Патчи для NAME: WRECK доступны для  FreeBSD, Nucleus NET и  NetX, и устранение проблем возможно, если исправления попадут в затронутые продукты.

Таким образом, теперь производители устройств должны вносить исправления в продукты, которые все еще могут быть обновлены. Однако этот процесс вряд ли будет иметь 100% успех, поскольку на его пути есть несколько препятствий.

Прежде всего, операторы должны определить стек TCP / IP, работающий на затронутых устройствах. Это не всегда простая задача, потому что иногда даже производитель устройства этого не знает.

Еще одно препятствие - применение патча, который во многих случаях необходимо устанавливать вручную из-за отсутствия централизованного управления. Добавьте к этому критическое устройство, которое нельзя отключить для процедуры обновления, и станет ясно, почему установка исправлений практически невозможна.

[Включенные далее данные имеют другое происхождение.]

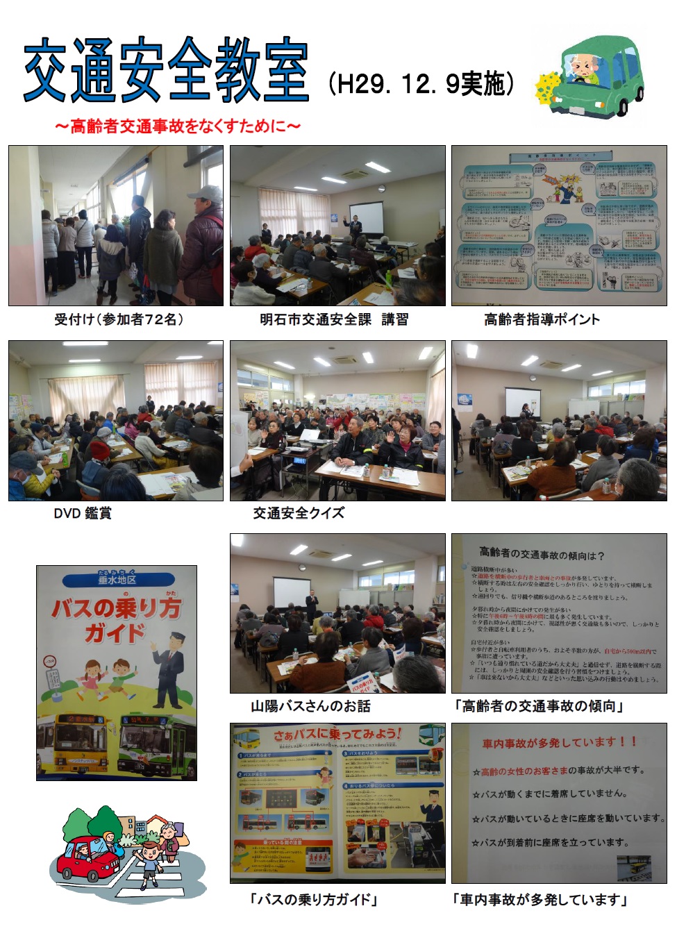 12月9日(土)、市交通安全課、山陽バスさんより講師の方をお迎えして、高齢者の交通事故をなくすためのお話を中心に、講習をしていただきました。

«Хуже того, мы обнаружили, что новая прошивка иногда запускает неподдерживаемые версии ОСРВ, которые могут иметь известные уязвимости [например, CVE-2016-20009]. Это крайне беспокоит, поскольку предположение, что новая прошивка не уязвима, может привести к серьезным слепым пятнам при оценке сетевых рисков» - Forescout.

Однако существует информация о смягчении последствий, которую инженеры по безопасности могут использовать для разработки сигнатур, обнаруживающих уязвимости DNS:

- Обнаружение и инвентаризация устройств, на которых запущены уязвимые стеки

- Обеспечение контроля сегментации и надлежащая гигиена сети

- Мониторинг прогрессивных исправлений, выпущенных поставщиками затронутых устройств.

- Настройка устройства на внутренние DNS-серверы.

- Контроль сетевого трафика на предмет вредоносных пакетов

Кроме того, Forescout предоставляет два инструмента с открытым исходным кодом, которые могут помочь определить, работает ли на целевом сетевом устройстве определенный встроенный стек TCP / IP ( Project Memoria Detector ), и для  обнаружения проблем, подобных NAME: WRECK  (работает с  Joern ).